Nearly a decade after his breakout hit, it appears singer J. Holiday has crawled out of bed and purposely tripped into some bullshit of his own recipe.
In a since deleted video posted on his Instagram account, J. Holiday offered a musing that gave me Chanté Moore’s “Bitter” and Silkk The Shocker’s “It Ain’t My Fault” topped with sprinkles of your typical misogynistic nonsense. Let Holiday tell it, “the Black man is still losing to the women.”
It must be the week for Black women being the scapegoat for Black men’s issues (yes, this song is about you, Kevin McCall).
Of course, he promptly then offered the meaningless disclaimer “No disrespect” while touting that he was “raised by a woman,” has “two older sisters,” and possesses “absolute, all respect for Black women.” Naturally, he followed this with an illogical, ahistorical rant that suggests he maintains about as much respect for Black women as a member of the Sweet Potato Saddam administration.
Indeed, Holiday continued: “Black men, African American men, men from the hood, we go through everything to make sure that who we care about are taken care of. We don’t swing our dicks around. We don’t do all this bullsh*t to be seen. I could be that n*gga over here f*cking n*ggas up. I know a whole lot of b*tch a** n*ggas that sing that I could call they a** the f*ck out. But I don’t. And understand this, I got daughters, man.”
Oh, I see. So because he considers himself to be one of the “good ones,” he takes issue with any criticism lodged at those men who are trifling. What an incredibly insecure sentiment to vomit into public discourse.
Here’s a pro-tip for all, but in this instance, men: if the criticism doesn’t apply to you, don’t bother being offended.
But since since rationale behavior doesn’t apply to him, he added: “Cardi, Beyoncé, SZA all y’all muthaf*ckas stop using that f*cking pain to make it ok to say some f*ck sh*t on your record and get nominated for a Grammy for going through some bullsh*t cuz so have I as a Black muthaf*cking man.”
So, this dude is super duper salty that Black women are getting Grammy nominations for infusing their personal pain into their art.

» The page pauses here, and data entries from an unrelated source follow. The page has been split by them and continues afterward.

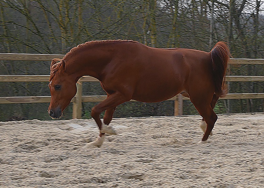 Priz is a son of the well-known AF Umoyo, 1m56, a superb liver chestnut sire bred and owned by Arabian Future, The Nederlands, Dutch national res champion, higher points of young males and golden medal in Ströhen (DE). AF Umoyo is a son of the famous Nadir I DRE****, 1m58, German and French national champion, European and All Nations Cup champion, whose genetic quality is not to proove anymore. He is the sire of numerous show champions and endurance winners and performers as well as breeding stock.
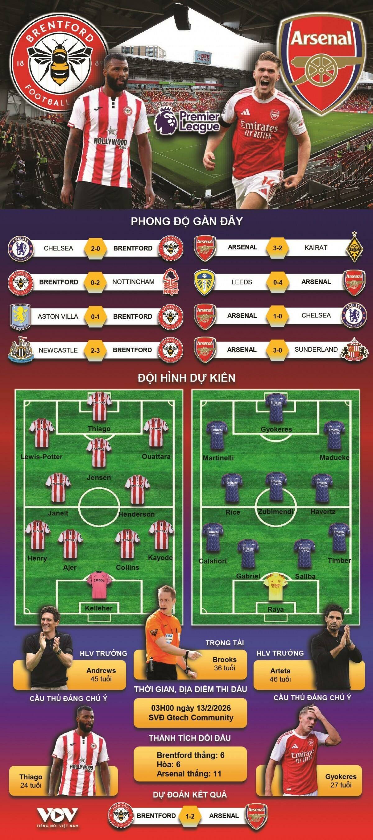 Trận đấu giữa Brentford và Arsenal tại vòng 26 Ngoại hạng Anh 2025/2026 hứa hẹn sẽ mang đến nhiều kịch tính. Brentford, với lợi thế sân nhà, luôn là đối thủ khó chịu với bất kỳ đội bóng lớn nào. Tuy nhiên, Arsenal đang có phong độ ổn định và quyết tâm bám đuổi nhóm đầu bảng, khiến cuộc đối đầu này càng trở nên hấp dẫn.
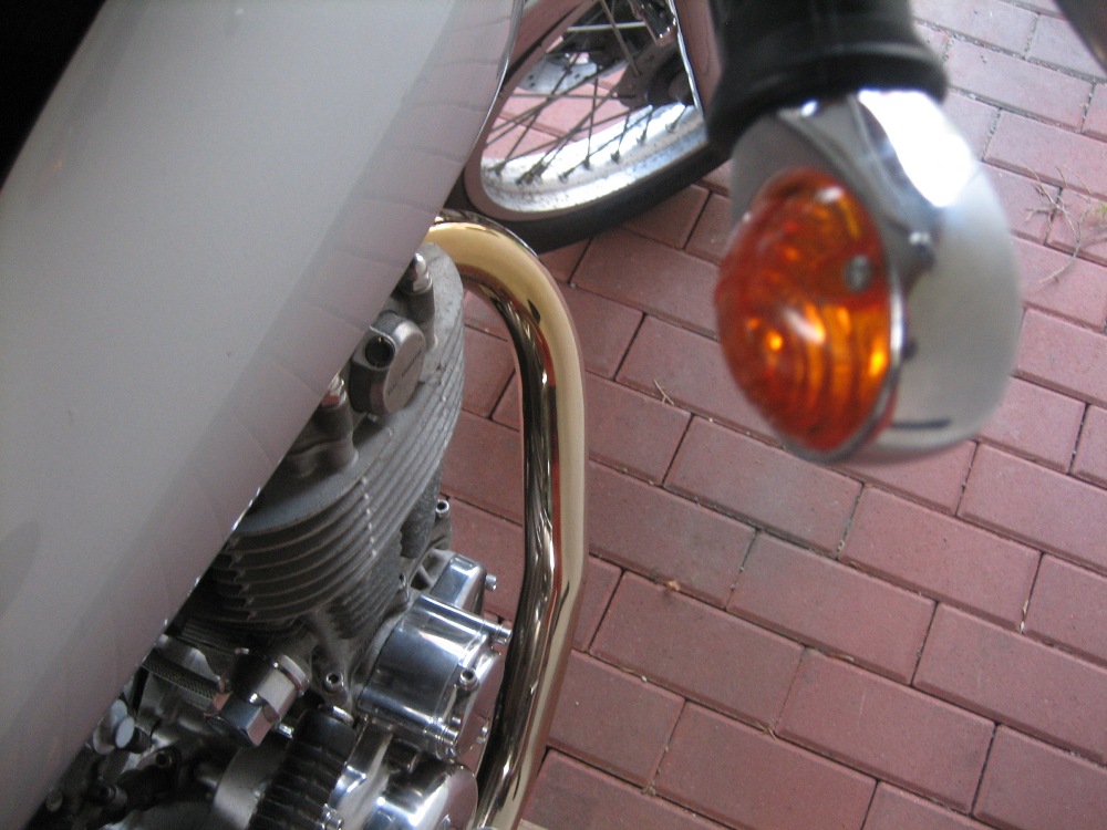 Yo klar, macht mich fertig und bringt mich auf kranke Ideen...die geil aussehen und meine Frau ums Eck tanzen lassen. Aber lieb seid ihr schon! Nein, erst mal will die SR bewegt werden. Sie war von Anfang an kein Showbike und nichts mit Hightech, deswegen darf das auch gern so bleiben. So wie sie gerade dasteht, so paßt das zu mir...ich war schon früher viel zu langsam für meine Motorräder...jetzt fühlt sich das viel besser an. Steckt ne Menge Kohle drin in der SR, aber ich denke, das war es wert..
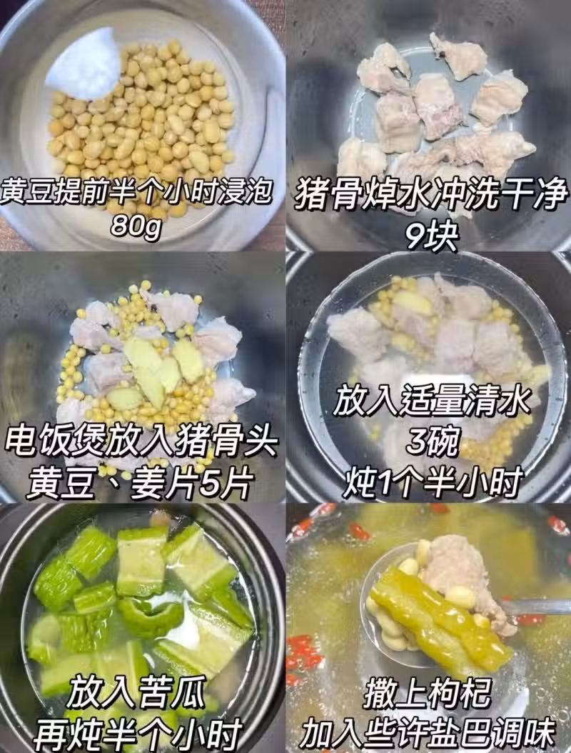 黃豆80g、苦瓜一根、排骨500g、蔥姜、適量枸杞
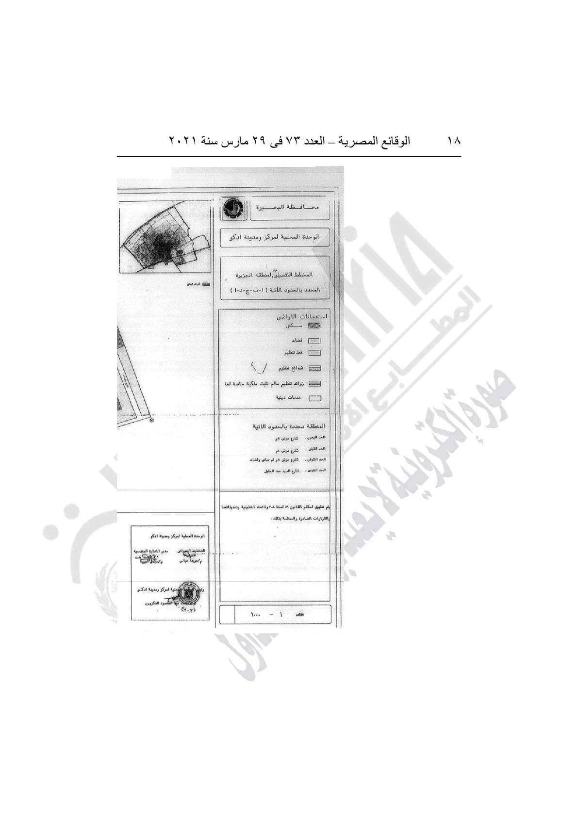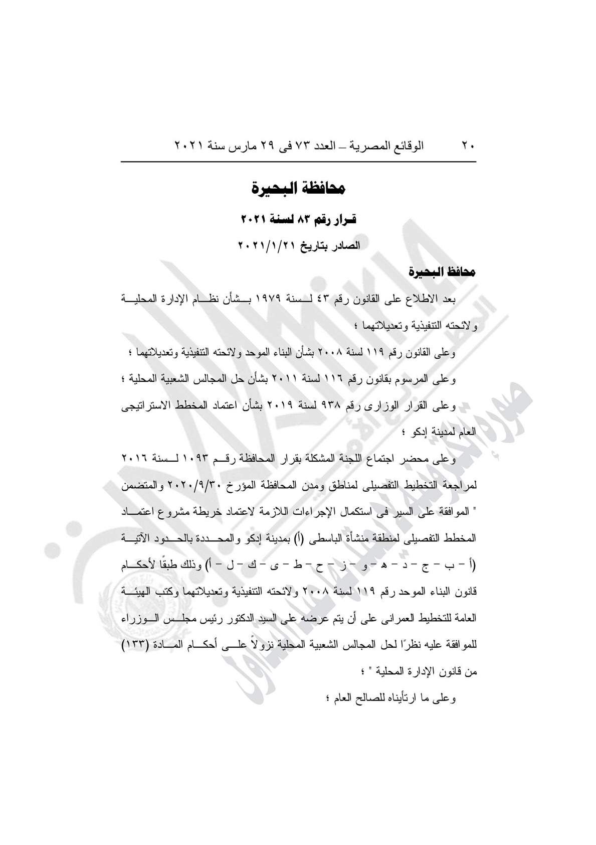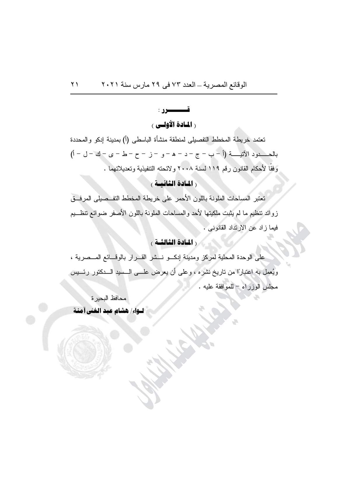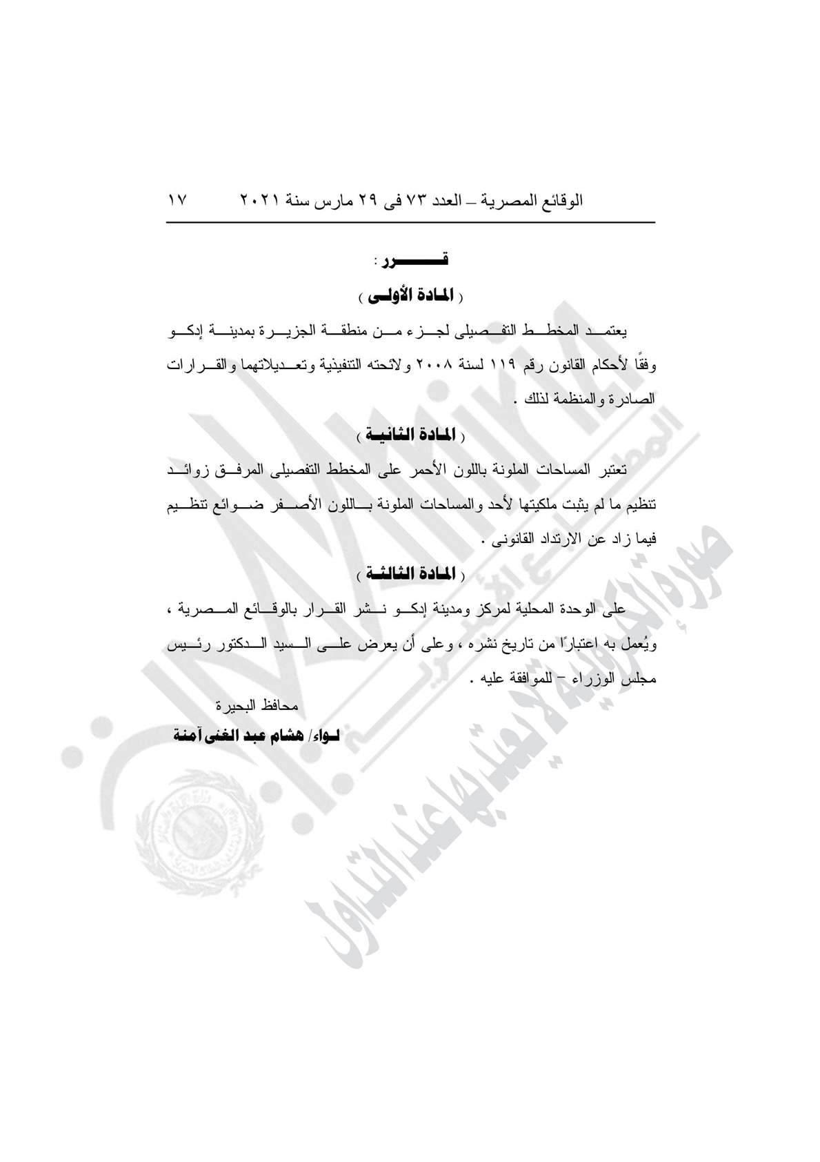نشرت جريدة الوقائع المصرية في عددها رقم 73، الصادر في 29 مارس 2021، 3 قرارات لمحافظة البحيرة، بشأن اعتماد المخطط التفصيلي لجزء من منطقة الجزيرة ومنطقة منشأة الباسطي (أ)، وخريطة خط تنظيم شارع الجلاء بمدينة إدكو.

Moreover, he appears to be mad specifically that he never won a Grammy. Shout out to Queen of Hip Hop Soul and Academy Award nominated actress Mary J. Blige, who beat him several years ago and has J. Holiday still testy about it. Meanwhile, note that this line of critique shouldn’t even include Cardi B, given the song she was nominated for has nothing to do with a man.
In any event, this man who admittedly had more songs to offer the world than just “Bed” (I am referring to “Fatal” and “Come Here”) but ain’t exactly a crooner like Johnny Gill, needs an introduction. Let me help him out. Holiday, I would like to introduce you to music, and particularly, rhythm and blues, where artists have long used stories from their personal life — yes, including their pain — to inform their art.
Artists can use whatever influences they want as they so please. If anything, the personal makes for better art because after all, music is about connections and what better way to connect with listeners than common themes we can all relate to? Each of these artists he’s complaining about have sang about the joys of love and fidelity, so why can’t they in the same instance also croon about heartache, pain, infidelity, and overall poorly behaving romantic partners?
This is what we do know — an embittered man insecurely lashed out at Black women out of sheer jealously and misplaced anger. A man, who as an R&B singer, has chosen willful ignorance and selective amnesia over the way R&B has worked for generations to justify his feelings. He thinks he said something profound, but all he did was expose his own sad mindset.
To think Black men are “losing” because a few Black women are scoring Grammy nominations is equal parts sophomoric and sexist in thought. It doesn’t matter if J. Holiday has a daughter; that’s a cheap cop out men employ when they want to say something sexist without owning their sexism. The same goes for acknowledging that their mothers raised them or that they have sisters. If you don’t treat everyone as well as your mother and sister, who cares really?
Female artists have the right to sing about whatever they want, whenever they want just like J. Holiday can whine about not winning an award almost a decade ago to a much more accomplished female singer. Granted, it’s a rather questionable choice given the biggest supporters of R&B — ahem, especially for the likes of male R&B singers singing about love and sex like J. Holiday — are Black women. To that end, I can only imagine how exhausted Black women must be listening to men like J. Holiday put the onus of their problems on Black women.
I didn’t need another reminder of how badly I missed the begging ass strain of R&B, but J. Holiday has given me another one. I miss the era in which Black male R&B singers exercised more humility, respect, and genuine admiration for Black women. I’m gay and puberty snatched my singing voice away, but if I could record an R&B album, I’d be shooting for that. And if it didn’t garner me a Grammy, I wouldn’t rush to social media to post a misogynistic blob of foolishness to project my problems.
All and all, it’s sad, embarrassing, and frankly, I’d rather he take his ass back to bed until he can wake up. If not, I’ll just wait for his future episode of Unsung.